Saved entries

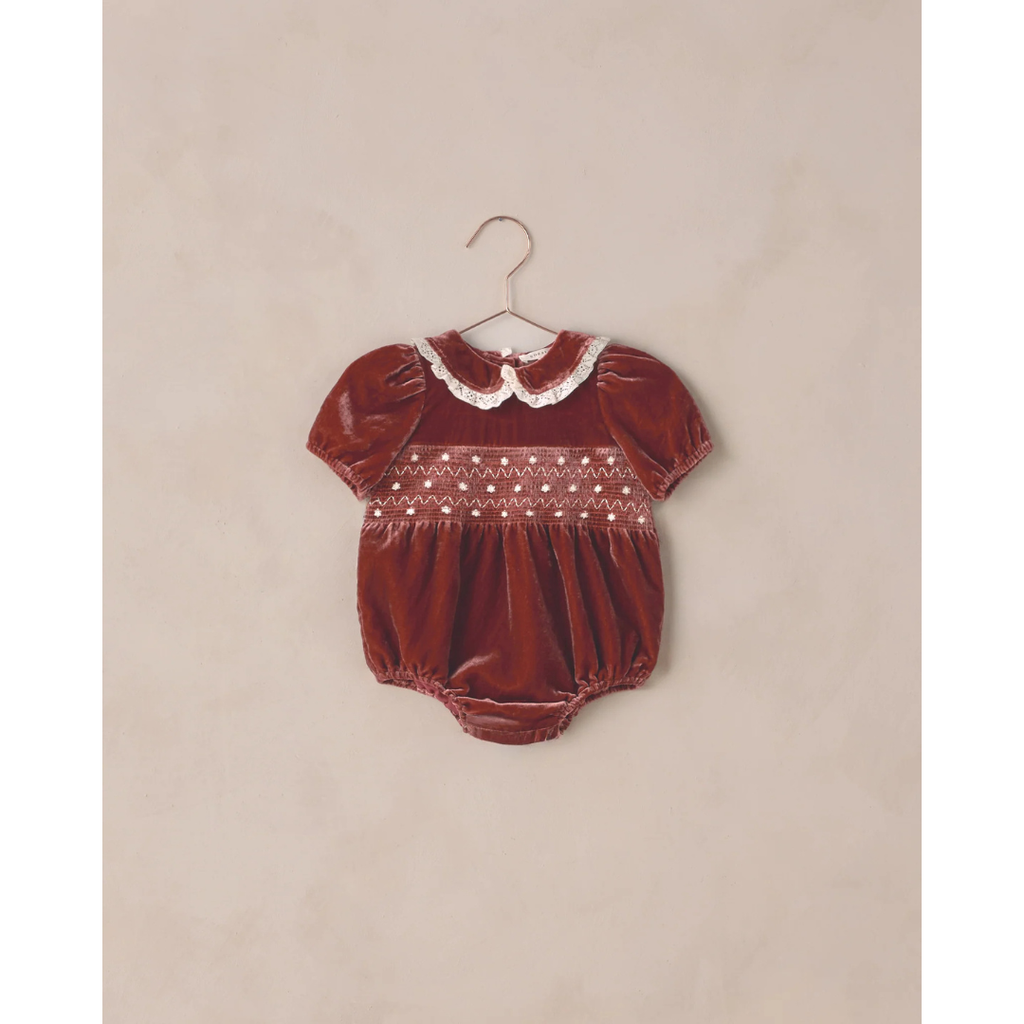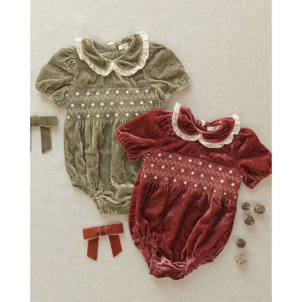 The Elizabeth Romper features a smocked bodice with dainty embroidered details, puff sleeves with lace trim, and a scalloped lace Peter Pan collar. Crafted in soft velvet, this timeless silhouette evokes a sense of tradition and nostalgia, making it the perfect keepsake dress for special occasions and holiday gatherings.
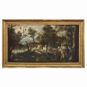 Pittore fiammingo, secolo XVII PAESAGGIO CON FIGURA E ANIMALI IN UN BOSCO cm 40x74,5 Flemish painter, 17th century [..]
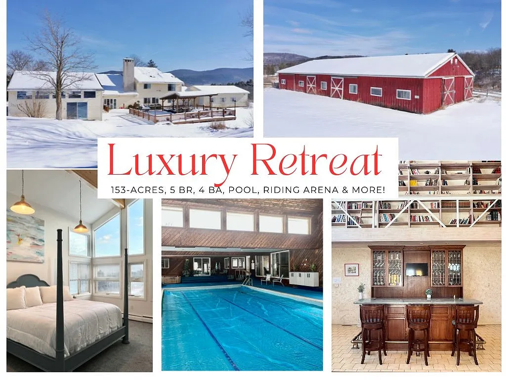Set on 153 majestic acres in the northwest Catskills in the Upper Susquehanna Valley, this one-of-a-kind luxury home with established short-term rental history is located just 5 minutes from Cooperstown All Star Village and the city of Oneonta and just 3.5 hours to NYC. Extraordinary property for an elite lifestyle, recreation & income potential. INVESTMENT OPPORTUNITY- Zoned Residential/Agricultural, the property has an established short-term rental history and is being offered turnkey. The seller plans to continue hosting guests this summer, with projected seasonal income available upon request. Existing bookings may transfer to the new owner. MAIN HOUSE- 5800 sf, 5 BEDROOMS, 4 FULL BATHS Anchored by a two-story great room w/ a stone-framed gas fireplace, wet bar and balcony library, an eat-in kitchen & coffee bar, a baronial-scale dining room and a dedicated office/entertainment space. 1st floor has 4 BRS & 3 BA thoughtfully arranged to include two separate guest suites w/ private patios & a separate wing w/ 2BR, PLUS a 3-lane heated indoor pool and hot tub addition–creating a true year-round resort experience. 2nd level: Sundrenched PRIMARY RETREAT, & a well-appointed private workspace. Basement: Wine cellar, family room w/ pool table & laundry room. Three-car attached garage. Newer gas boiler. Window AC’s and mini-spits. EQUESTRIAN BARN AND APARTMENT: Solidly built, professionally designed with electric and water includes riding area, stalls, tack room, and hay storage. Built in 2-story 1 BR, 1 BA apartment can be used as caretaker’s quarters or another source of revenue. INDOOR RIDING BARN- Currently used as a soccer arena, demonstrating further income versatility. THE LAND “Four-Season Wonderland” offers fenced pastures, 2 ponds, extensive trails, frontage on Otego Creek, meadows, wooded acreage, additional barn & purported quarry. An expansive resort-level deck provides the perfect setting for entertaining & enjoying sweeping views of the rolling Catskills. A compelling opportunity as a luxury private retreat, an equestrian estate, lucrative AirBnB or hybrid lifestyle as an income-producing haven. Priced to sell. Call for your private tour.
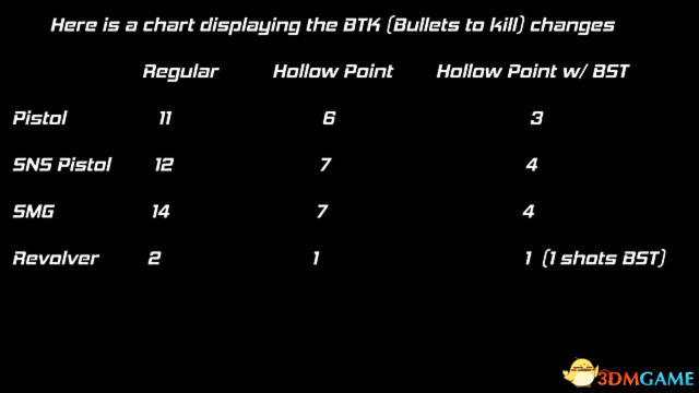 但是装上空尖弹/中空子弹后这把枪也是有一个很大的提升,只需要7发就可以打死满血玩家,对付不穿护甲的NPC也是非常的给力。
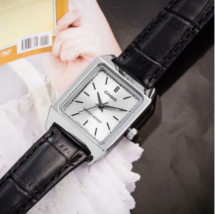 Женские кварцевые аналоговые наручные часы. Серия Casio Collection. Центральные часовая, минутная и секундная стрелки. Серебристый циферблат с часовыми метками в виде штрихов. Устойчивое к мелким механическим повреждениям минеральное стекло. Прямоугольный корпус серебристого цвета размером 31 мм на 22 мм, толщиной 7,5 мм. Рифлёная переводная головка. Чёрный кожаный ремешок с классической застёжкой buckle. Батарейка рассчитана на 3 года. Стальная задняя крышка. Водонепроницаемость 30WR (защита от брызг). Вес около 22 г.
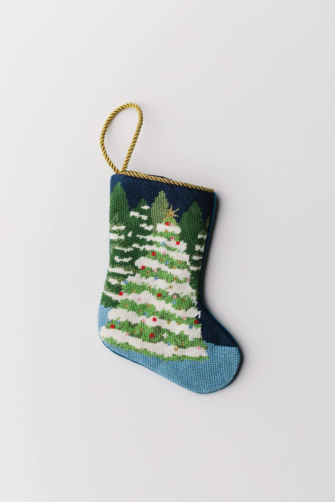 Each needlepoint Bauble Stocking is hand-stitched in Haiti for fair trade by a certified BCorp.
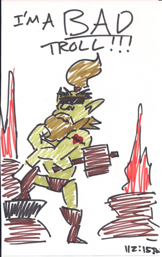 tumblr_nzoad9bt5z1uo33e3o1_1280 Published April 5, 2016 at 1213 × 1920 in King’s Quest VII Doodles Aww yeah, the baddest of the bad trolls! Inspired by the (decidedly less awesome) troll blacksmith from the game.

What needs to be done: Would you write each entry out again exactly, omitting the images?

Solution to this exercise:
 The Elizabeth Romper features a smocked bodice with dainty embroidered details, puff sleeves with lace trim, and a scalloped lace Peter Pan collar. Crafted in soft velvet, this timeless silhouette evokes a sense of tradition and nostalgia, making it the perfect keepsake dress for special occasions and holiday gatherings.
 Pittore fiammingo, secolo XVII PAESAGGIO CON FIGURA E ANIMALI IN UN BOSCO cm 40x74,5 Flemish painter, 17th century [..]
Set on 153 majestic acres in the northwest Catskills in the Upper Susquehanna Valley, this one-of-a-kind luxury home with established short-term rental history is located just 5 minutes from Cooperstown All Star Village and the city of Oneonta and just 3.5 hours to NYC. Extraordinary property for an elite lifestyle, recreation & income potential. INVESTMENT OPPORTUNITY- Zoned Residential/Agricultural, the property has an established short-term rental history and is being offered turnkey. The seller plans to continue hosting guests this summer, with projected seasonal income available upon request. Existing bookings may transfer to the new owner. MAIN HOUSE- 5800 sf, 5 BEDROOMS, 4 FULL BATHS Anchored by a two-story great room w/ a stone-framed gas fireplace, wet bar and balcony library, an eat-in kitchen & coffee bar, a baronial-scale dining room and a dedicated office/entertainment space. 1st floor has 4 BRS & 3 BA thoughtfully arranged to include two separate guest suites w/ private patios & a separate wing w/ 2BR, PLUS a 3-lane heated indoor pool and hot tub addition–creating a true year-round resort experience. 2nd level: Sundrenched PRIMARY RETREAT, & a well-appointed private workspace. Basement: Wine cellar, family room w/ pool table & laundry room. Three-car attached garage. Newer gas boiler. Window AC’s and mini-spits. EQUESTRIAN BARN AND APARTMENT: Solidly built, professionally designed with electric and water includes riding area, stalls, tack room, and hay storage. Built in 2-story 1 BR, 1 BA apartment can be used as caretaker’s quarters or another source of revenue. INDOOR RIDING BARN- Currently used as a soccer arena, demonstrating further income versatility. THE LAND “Four-Season Wonderland” offers fenced pastures, 2 ponds, extensive trails, frontage on Otego Creek, meadows, wooded acreage, additional barn & purported quarry. An expansive resort-level deck provides the perfect setting for entertaining & enjoying sweeping views of the rolling Catskills. A compelling opportunity as a luxury private retreat, an equestrian estate, lucrative AirBnB or hybrid lifestyle as an income-producing haven. Priced to sell. Call for your private tour.
 但是装上空尖弹/中空子弹后这把枪也是有一个很大的提升,只需要7发就可以打死满血玩家,对付不穿护甲的NPC也是非常的给力。
 Женские кварцевые аналоговые наручные часы. Серия Casio Collection. Центральные часовая, минутная и секундная стрелки. Серебристый циферблат с часовыми метками в виде штрихов. Устойчивое к мелким механическим повреждениям минеральное стекло. Прямоугольный корпус серебристого цвета размером 31 мм на 22 мм, толщиной 7,5 мм. Рифлёная переводная головка. Чёрный кожаный ремешок с классической застёжкой buckle. Батарейка рассчитана на 3 года. Стальная задняя крышка. Водонепроницаемость 30WR (защита от брызг). Вес около 22 г.
 Each needlepoint Bauble Stocking is hand-stitched in Haiti for fair trade by a certified BCorp.
 tumblr_nzoad9bt5z1uo33e3o1_1280 Published April 5, 2016 at 1213 × 1920 in King’s Quest VII Doodles Aww yeah, the baddest of the bad trolls! Inspired by the (decidedly less awesome) troll blacksmith from the game.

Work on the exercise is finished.